Our ability to draw firm conclusions from the extant research on single-sex education is further complicated by a number of methodological challenges that are consistently present across studies (Arms, 2007; Mael, 1998; Smithers & Robinson, 2006; U.S. Department of Education, 2005). These challenges include generalizability of results, confounding variables, and selection bias, among others.
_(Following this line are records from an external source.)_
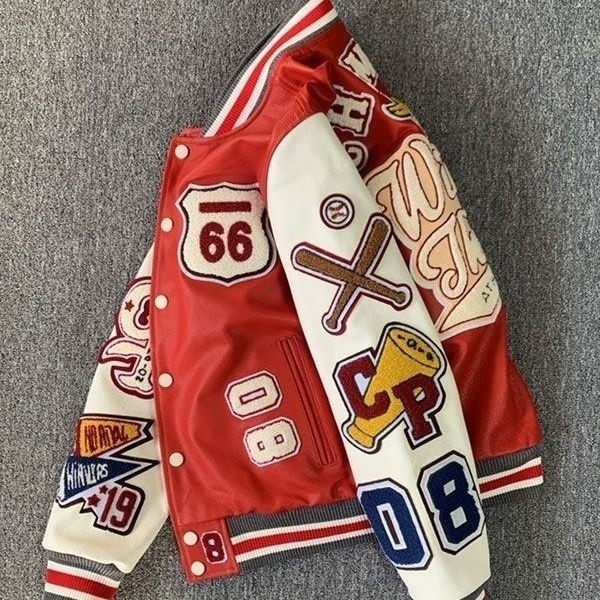 Áo Da Lớp Đầu Mẫu Mới Thu Đông Áo Bóng Chày Áo Khoác Da Nam Phong Cách Sành Điệu Áo Khoác Ngắn Màu Trắng Thêu Công Nghiệp Nặng Instagram
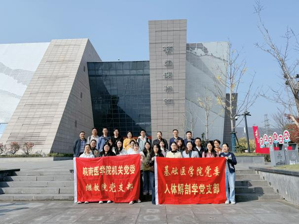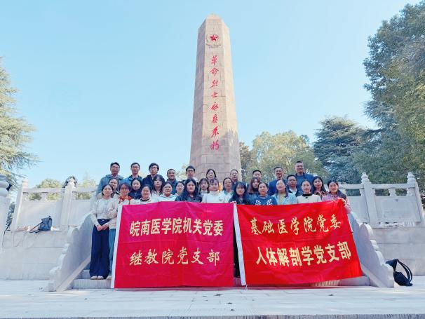 为深入学习贯彻党的二十届四中全会精神,深刻领会全会精神内涵,推动党建工作与红色教育深度融合,人体解剖学党支部联合校机关党委继教公司党支部于11月16日赴繁昌区烈士陵园和繁昌博物馆开展“学全会精神·聚共建合力”主题党日共建活动。
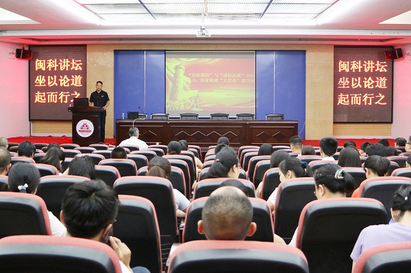 报告会上,邓翠华教授从思政课程与课程思政、构建“大思政”教学体系的必要性、构建“大思政”教学体系的路径等三个方面,对“大思政”教学体系进行了分析和解读。她强调,我们要认真学习习近平总书记在全国高校思想政治工作会议上的重要讲话,利用课堂教学主渠道,使各类课程与思想政治理论课同向同行,形成协同效应。要构建“思想政治理论课、综合素养课程、专业课程”三位一体的高校大思政课程体系,把培育和践行社会主义核心价值观全面渗透到学院教育教学全过程。
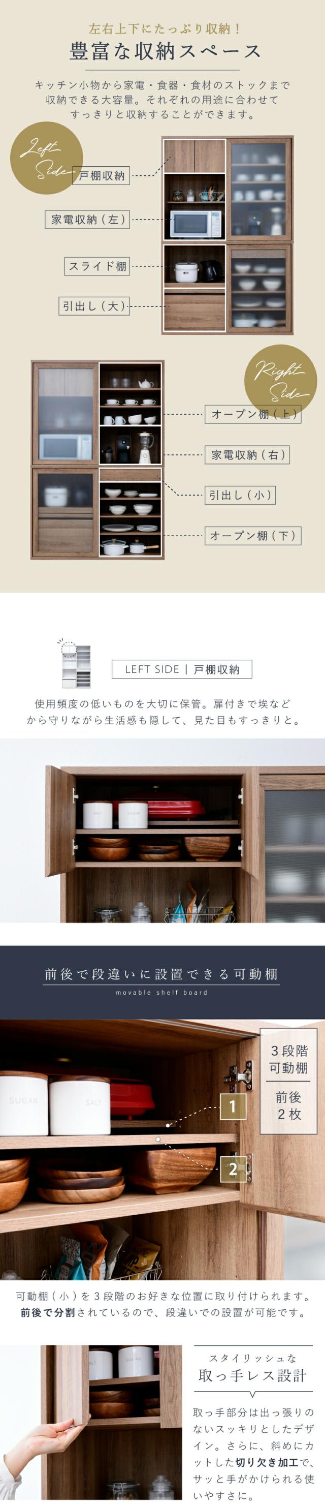 - スライドで家電収納できる食器棚をさがしていて、やっとこれだというものを見つけました。上下別でスライドできるとのことで使い勝手が良さそう、しっかりした造りそう、ホワイト鏡面仕上げ、サイズもおそらく問題なしです、後は組み立てが心配な所。沖縄ですが送料も無料!(込み!)と大変ありがたい商品で楽しみです! レンジ、炊飯器、お米なども収納する予定で、床に置いたりしてごちゃつきがまとまる、と楽しみです!
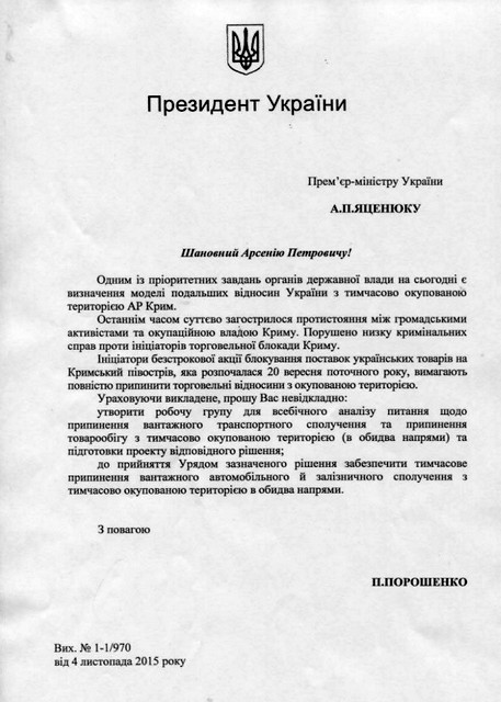 Президент Украины Петр Порошенко обратился к премьер-министру Украины Арсению Яценюку с письмом, в котором предложил безотлагательно создать рабочую группу для всестороннего анализа вопроса о прекращении грузового транспортного сообщения и прекращения товарооборота с временно оккупированной территорией Автономной Республики Крым (в оба направления) и подготовки проекта соответствующего решения.

For example, as discussed by Arms (2007) and the Department of Education (2005), prior work on single-sex education often examined individual schools or classrooms, thus making the findings difficult to generalize to the population. Furthermore, results from religiously affiliated schools were frequently generalized to public or independent schools, or vice versa. The present study addresses this problem in two ways. First, the sample includes data gathered from a national sample of women who entered college in 2005. Additionally, the data set has been carefully disaggregated to separate religious and nonreligious schools in the analysis. The current study also considers preenrollment factors, such as student demographics, and other school context factors including size and location, which addresses the critique raised by Smithers and Robinson (2006) and the Department of Education, that previous research did not effectively control for individual and school characteristics.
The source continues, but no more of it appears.